When was George Steiner born and where did he grow up?

Francis George Steiner was born on the 23rd of April 1929 in Neuilly-sur-Seine near Paris. He grew up in France after his father moved the family from Austria to escape anti-Semitism five years before his birth.

What happened to George Steiner during World War II?

George Steiner survived the war as one of only two Jewish children in his school class while the Nazis occupied Paris. His family fled to New York in 1940 just before the German invasion, and this experience made him feel like a survivor who profoundly influenced his later writings about death and the Holocaust.

Which academic positions did George Steiner hold at Cambridge University?

George Steiner became a founding fellow of Churchill College Cambridge in 1961 but was never appointed as a full professor with the right to examine students.

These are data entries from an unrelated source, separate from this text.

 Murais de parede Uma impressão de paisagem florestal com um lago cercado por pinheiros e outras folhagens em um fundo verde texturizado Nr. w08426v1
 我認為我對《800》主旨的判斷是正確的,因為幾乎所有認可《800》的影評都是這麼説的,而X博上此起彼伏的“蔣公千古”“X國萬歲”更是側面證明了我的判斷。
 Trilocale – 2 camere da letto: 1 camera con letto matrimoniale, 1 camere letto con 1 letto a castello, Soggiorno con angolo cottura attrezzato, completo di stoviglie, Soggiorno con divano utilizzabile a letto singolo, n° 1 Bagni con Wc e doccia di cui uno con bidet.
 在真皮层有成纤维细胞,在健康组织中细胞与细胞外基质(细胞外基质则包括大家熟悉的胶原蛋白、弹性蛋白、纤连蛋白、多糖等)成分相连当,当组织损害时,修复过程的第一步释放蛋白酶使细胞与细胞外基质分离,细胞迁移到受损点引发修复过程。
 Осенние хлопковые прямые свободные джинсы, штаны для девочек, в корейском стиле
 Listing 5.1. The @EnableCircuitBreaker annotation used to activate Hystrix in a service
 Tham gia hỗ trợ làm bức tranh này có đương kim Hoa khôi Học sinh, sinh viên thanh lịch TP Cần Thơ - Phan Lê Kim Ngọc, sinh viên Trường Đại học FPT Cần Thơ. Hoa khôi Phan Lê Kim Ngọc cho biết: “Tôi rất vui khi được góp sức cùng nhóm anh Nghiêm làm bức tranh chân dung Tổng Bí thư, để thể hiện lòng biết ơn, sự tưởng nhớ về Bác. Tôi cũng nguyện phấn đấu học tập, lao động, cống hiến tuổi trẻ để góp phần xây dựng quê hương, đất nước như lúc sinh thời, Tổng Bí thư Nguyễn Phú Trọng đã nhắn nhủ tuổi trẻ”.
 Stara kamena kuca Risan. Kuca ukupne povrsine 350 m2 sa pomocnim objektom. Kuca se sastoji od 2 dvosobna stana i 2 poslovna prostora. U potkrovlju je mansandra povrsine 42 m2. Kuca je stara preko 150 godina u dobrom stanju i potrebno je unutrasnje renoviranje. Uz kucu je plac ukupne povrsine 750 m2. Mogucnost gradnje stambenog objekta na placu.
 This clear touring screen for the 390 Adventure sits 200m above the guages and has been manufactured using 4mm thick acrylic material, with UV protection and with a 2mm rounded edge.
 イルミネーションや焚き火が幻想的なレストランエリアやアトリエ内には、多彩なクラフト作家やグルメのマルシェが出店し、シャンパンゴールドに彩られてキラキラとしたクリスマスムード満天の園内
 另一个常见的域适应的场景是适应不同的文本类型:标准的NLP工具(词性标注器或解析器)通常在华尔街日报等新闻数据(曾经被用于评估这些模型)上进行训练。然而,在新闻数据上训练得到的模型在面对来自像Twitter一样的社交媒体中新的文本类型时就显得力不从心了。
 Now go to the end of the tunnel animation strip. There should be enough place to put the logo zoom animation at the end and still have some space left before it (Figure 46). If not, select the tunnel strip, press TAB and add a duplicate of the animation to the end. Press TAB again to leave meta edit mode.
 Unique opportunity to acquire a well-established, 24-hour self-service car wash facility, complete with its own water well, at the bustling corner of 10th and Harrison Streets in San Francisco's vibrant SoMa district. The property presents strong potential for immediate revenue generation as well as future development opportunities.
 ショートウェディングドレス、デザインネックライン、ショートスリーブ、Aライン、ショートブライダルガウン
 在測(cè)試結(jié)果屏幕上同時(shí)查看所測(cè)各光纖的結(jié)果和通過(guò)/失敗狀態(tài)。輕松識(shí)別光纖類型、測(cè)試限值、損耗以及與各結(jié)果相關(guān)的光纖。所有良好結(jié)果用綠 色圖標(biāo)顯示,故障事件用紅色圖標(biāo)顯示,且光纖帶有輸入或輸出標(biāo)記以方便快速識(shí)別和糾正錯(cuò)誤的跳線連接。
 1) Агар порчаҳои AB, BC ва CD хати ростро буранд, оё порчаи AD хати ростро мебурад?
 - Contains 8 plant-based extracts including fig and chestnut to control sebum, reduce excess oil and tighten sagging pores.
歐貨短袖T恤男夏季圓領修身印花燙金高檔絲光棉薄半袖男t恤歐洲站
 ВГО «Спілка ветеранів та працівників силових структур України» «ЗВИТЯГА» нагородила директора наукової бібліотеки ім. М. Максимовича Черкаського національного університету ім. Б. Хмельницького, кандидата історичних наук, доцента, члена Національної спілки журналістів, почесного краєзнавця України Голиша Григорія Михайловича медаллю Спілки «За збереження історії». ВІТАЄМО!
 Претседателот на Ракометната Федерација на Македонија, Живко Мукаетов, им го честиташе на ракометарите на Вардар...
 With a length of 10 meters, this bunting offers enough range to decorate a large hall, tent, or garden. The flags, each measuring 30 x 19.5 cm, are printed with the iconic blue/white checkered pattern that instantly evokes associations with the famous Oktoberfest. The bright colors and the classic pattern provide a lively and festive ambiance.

He held various posts including the Gauss Lecturer at Princeton and taught in four languages at the University of Geneva for twenty years starting in 1974.

What is the main theme of George Steiner's book After Babel published in 1975?

After Babel published in 1975 serves as an early and influential contribution to the field of translation studies by exploring art and thought unbounded by national frontiers or academic disciplines. The work advocates generalisation over specialisation and insists that literacy must encompass knowledge of both arts and sciences.

Who were the parents of David Steiner and Deborah Steiner?

David Steiner and Deborah Steiner are the children of George Steiner and Zara Shakow whom he married in 1955. Their son David served as New York State Commissioner of Education from 2009 to 2011 while their daughter Deborah became Professor of Classics at Columbia University.